> [EXERCISE DIRECTIONS]: Everything in the records below from the line containing "Welcome to Taco" through the line containing "grater is made" is to be reproduced exactly, those two lines included; no picture is to be copied.

> [SOURCE MATERIAL]:
──────────────────────────────
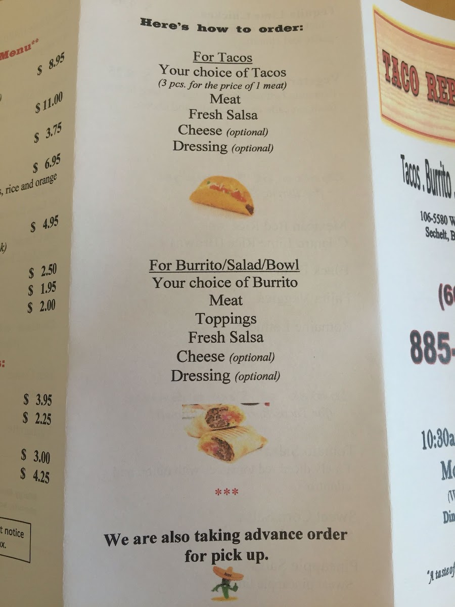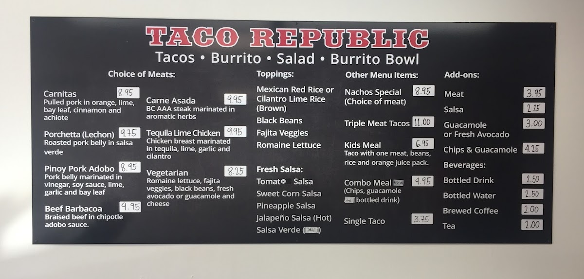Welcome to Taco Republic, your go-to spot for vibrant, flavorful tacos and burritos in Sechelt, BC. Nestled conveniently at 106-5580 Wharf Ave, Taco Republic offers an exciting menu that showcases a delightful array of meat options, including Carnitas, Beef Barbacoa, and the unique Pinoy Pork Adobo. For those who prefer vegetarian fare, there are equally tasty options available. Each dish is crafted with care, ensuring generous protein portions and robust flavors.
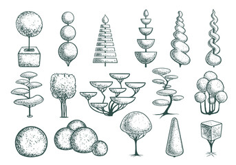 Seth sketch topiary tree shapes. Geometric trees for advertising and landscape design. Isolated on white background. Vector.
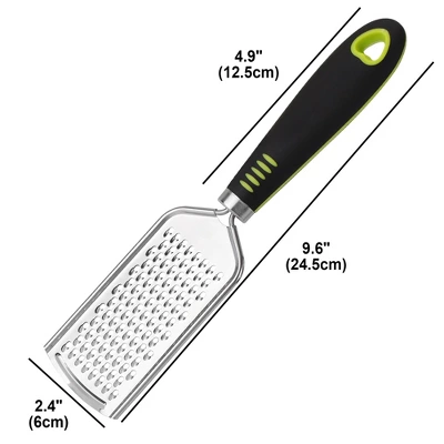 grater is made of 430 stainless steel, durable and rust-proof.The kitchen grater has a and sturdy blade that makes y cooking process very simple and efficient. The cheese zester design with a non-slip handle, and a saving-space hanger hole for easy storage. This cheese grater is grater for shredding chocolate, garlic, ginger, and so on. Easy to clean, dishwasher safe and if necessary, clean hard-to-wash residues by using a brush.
──────────────────────────────
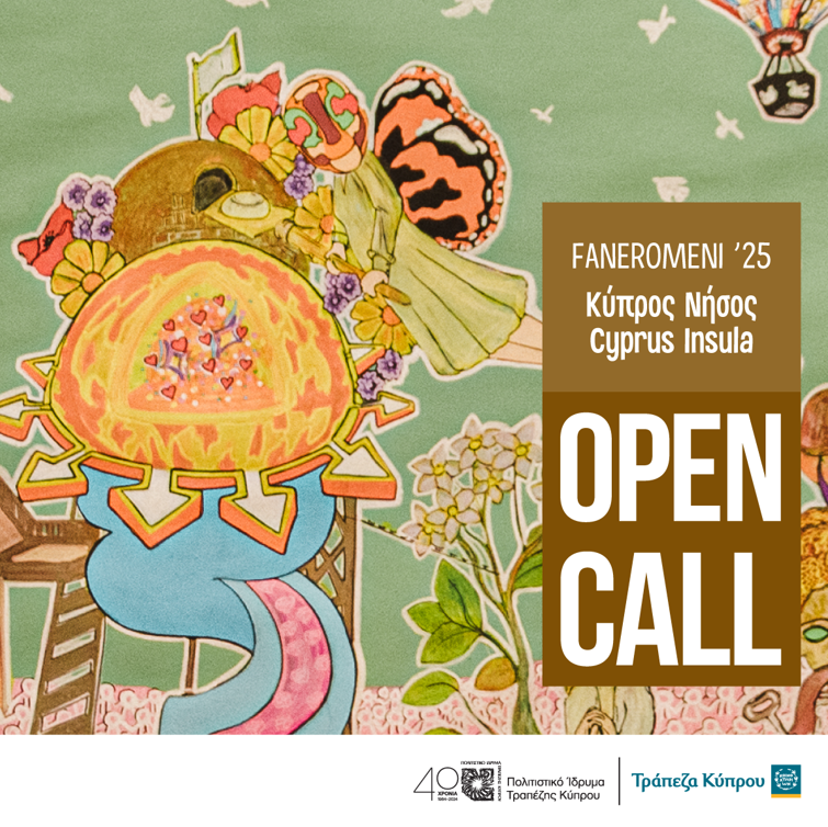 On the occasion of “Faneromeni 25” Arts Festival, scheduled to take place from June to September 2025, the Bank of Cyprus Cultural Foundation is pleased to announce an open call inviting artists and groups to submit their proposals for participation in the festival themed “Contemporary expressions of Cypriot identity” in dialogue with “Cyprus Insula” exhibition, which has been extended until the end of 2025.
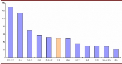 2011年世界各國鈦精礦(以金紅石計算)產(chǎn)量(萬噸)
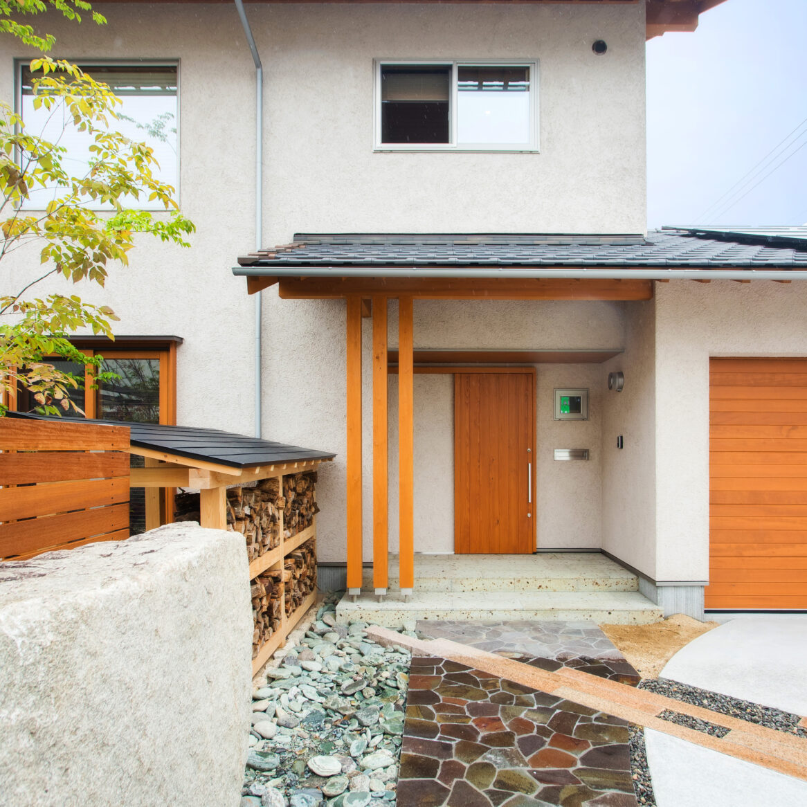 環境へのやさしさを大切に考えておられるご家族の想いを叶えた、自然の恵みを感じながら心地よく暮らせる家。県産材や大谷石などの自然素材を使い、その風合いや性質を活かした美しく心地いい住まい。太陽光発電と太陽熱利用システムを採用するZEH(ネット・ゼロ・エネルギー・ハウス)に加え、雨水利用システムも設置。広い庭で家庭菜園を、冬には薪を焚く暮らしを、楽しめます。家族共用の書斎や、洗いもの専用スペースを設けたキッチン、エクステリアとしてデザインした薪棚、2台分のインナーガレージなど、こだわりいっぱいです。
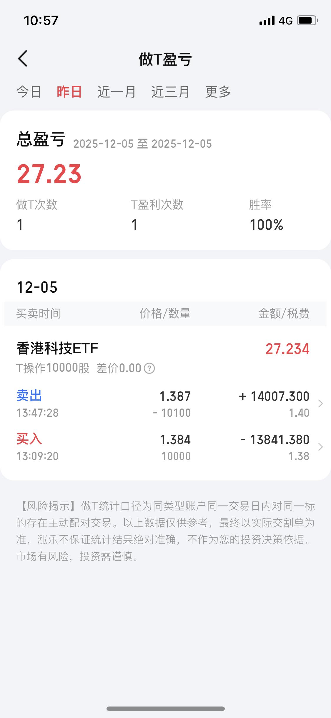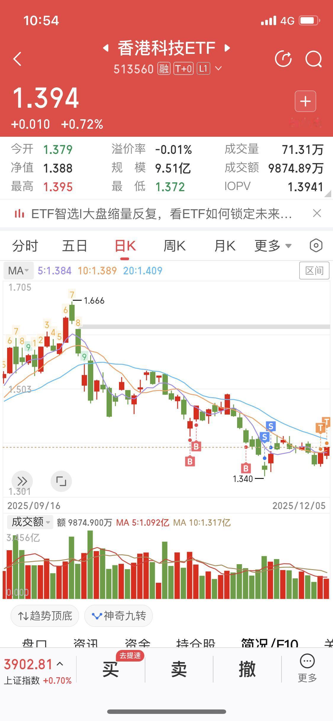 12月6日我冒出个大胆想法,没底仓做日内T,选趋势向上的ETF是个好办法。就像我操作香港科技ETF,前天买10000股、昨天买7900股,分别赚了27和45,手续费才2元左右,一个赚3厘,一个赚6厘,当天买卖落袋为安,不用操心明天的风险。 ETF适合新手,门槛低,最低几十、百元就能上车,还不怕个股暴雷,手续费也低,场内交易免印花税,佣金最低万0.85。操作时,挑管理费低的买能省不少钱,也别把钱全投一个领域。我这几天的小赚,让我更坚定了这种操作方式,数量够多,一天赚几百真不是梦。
──────────────────────────────
> [WRITTEN ANSWER]:
Welcome to Taco Republic, your go-to spot for vibrant, flavorful tacos and burritos in Sechelt, BC. Nestled conveniently at 106-5580 Wharf Ave, Taco Republic offers an exciting menu that showcases a delightful array of meat options, including Carnitas, Beef Barbacoa, and the unique Pinoy Pork Adobo. For those who prefer vegetarian fare, there are equally tasty options available. Each dish is crafted with care, ensuring generous protein portions and robust flavors.
 Seth sketch topiary tree shapes. Geometric trees for advertising and landscape design. Isolated on white background. Vector.
 grater is made of 430 stainless steel, durable and rust-proof.The kitchen grater has a and sturdy blade that makes y cooking process very simple and efficient. The cheese zester design with a non-slip handle, and a saving-space hanger hole for easy storage. This cheese grater is grater for shredding chocolate, garlic, ginger, and so on. Easy to clean, dishwasher safe and if necessary, clean hard-to-wash residues by using a brush.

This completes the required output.